Add agent memory search for OpenClaw and Hermes Agent using llama.cpp by merveenoyan · Pull Request #2438 · huggingface/hub-docs

merveenoyan · 2026-04-27T11:55:32Z

Note

Low Risk
Documentation-only changes that add configuration guidance for local embedding/memory search; no runtime or security-sensitive code is modified.

Overview
Adds a new Local Memory Search section to docs/hub/agents-local.md showing how to run an embedding model locally (via node-llama-cpp) and configure OpenClaw (agents.defaults.memorySearch.*) to use it.

Extends the Hermes Agent instructions with a local semantic search configuration snippet (auxiliary.session_search) and a hermes memory status check to verify local memory integration.

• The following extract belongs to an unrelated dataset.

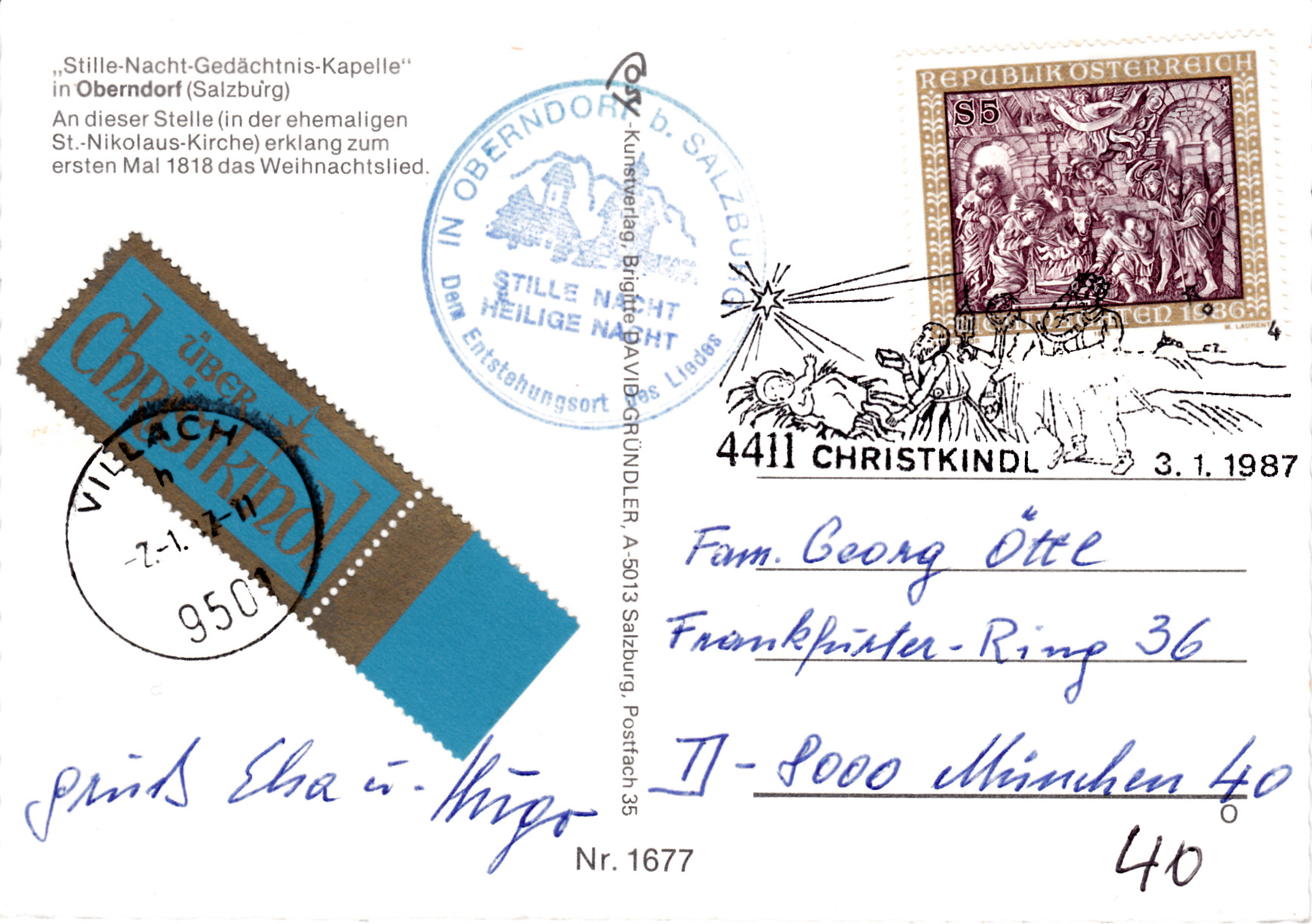 Diese Karte wurde am 2.1.1987 in Villach mit dem Leitzettel "über Christkindl" verschickt und die Marke am 3.1.1987 in Christkindl mit dem Sonderstempel mit der Kennziffer "4" entwertet.

^{Reviewed by Cursor Bugbot for commit 083b470. Bugbot is set up for automated code reviews on this repo. Configure here.}

HuggingFaceDocBuilderDev · 2026-04-27T11:57:43Z

The docs for this PR live here. All of your documentation changes will be reflected on that endpoint. The docs are available until 30 days after the last update.

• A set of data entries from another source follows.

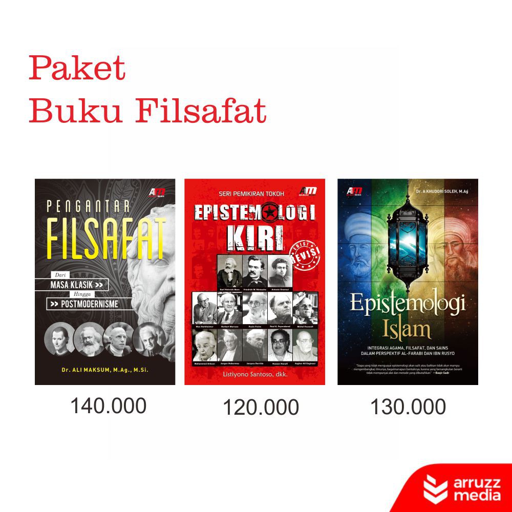 Paket Buku FilsafatPENGANTAR FILSAFAT ; Dari Masa Klasik Hingga PostmodernismePenulis: Ali MaksumPenerbit: Ar-Ruzz MediaTebal: 360 halamanHarga: Rp. 140.000EPISTEMOLOGI ISLAM: Integrasi Agama, Filsafat, dan Sains dalam Perspektif Al-Farabi dan Ibnu RusydPenulis: A. Khudori SolehPenerbit: Ar-Ruzz MediaTebal: 308 halamanHarga: Rp. 130.000EPISTEMOLOGI KIRI Edisi RevisiPenulis: Listiyono Santoso, dkkPenerbit: Ar-Ruzz MediaTebal: 360 halamanHarga: Rp. 120.000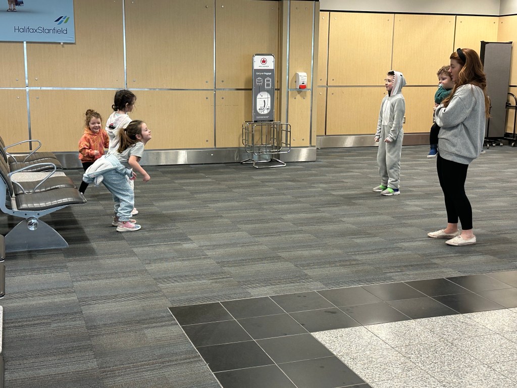 We all piled in the van Tuesday morning so that Jacob could drive us to the airport. We had originally hoped he would be able to join us for at least part of the trip, but that hasn’t worked out. With three kids in the third row, two kids and Kayla in the middle, Jacob and I up front we hit the road. We managed to make it to Halifax with only one short pit stop without any major meltdowns – rather impressive if you ask me. We grabbed a quick bite at Jack Astor’s and then let the kids burn some energy at hop!skip!jump! Before we settled into the airport hotel for the night.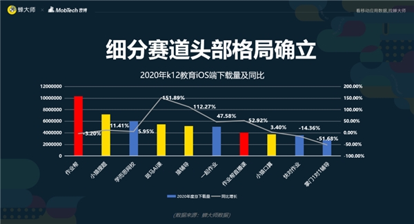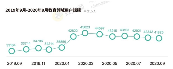 在线教育领域在经历去年疫情的催化后,持续保持高位小幅 波动,也迎来了一场资本盛宴,在线教育品牌数量剧增,另一方面,在前期增量用户大部分得到留存、月活用户持续同比远超去年同期的情况下,用户总量已经形成了稳定态势,走到了“天花板”,根据蝉大师的数据报告,在线教育用户总数已经稳定在了4亿的水平。基于这样的判断,在线教育领域已经进入了立足存量的“下半场”。

merveenoyan · 2026-05-12T12:33:00Z

@pcuenca @burtenshaw @gary149 can you take a look?

pcuenca · 2026-05-13T09:08:18Z

+### Local Memory Search for OpenClaw

-[Hermes](https://hermes-agent.nousresearch.com/) works locally with llama.cpp. Define a default config as:
+You can run local embedding models with Llama.cpp for your agent's memory search. To do so, make sure to have node-llama-cpp.


I don't use OpenClaw. Does this have to be the node version?

not sure I understand your question :/

why not just use llama.cpp, instead of node-llama-cpp? Is this an OpenClaw requirement?

if you install this way you can use below one-liner to get llama server up and using it for memory instead of setting it up yourself

Co-authored-by: Pedro Cuenca <pedro@huggingface.co>

Updated instructions for running local embedding models with Llama.cpp and added npm installation command.

pcuenca

Conceptually looks good, but it could be helpful if other Hermes / OC users could take a look. It'd be helpful to describe what this brings over the built-in memory search implementations; as far as I know harnesses have ways to look stuff up in memory without going through this process.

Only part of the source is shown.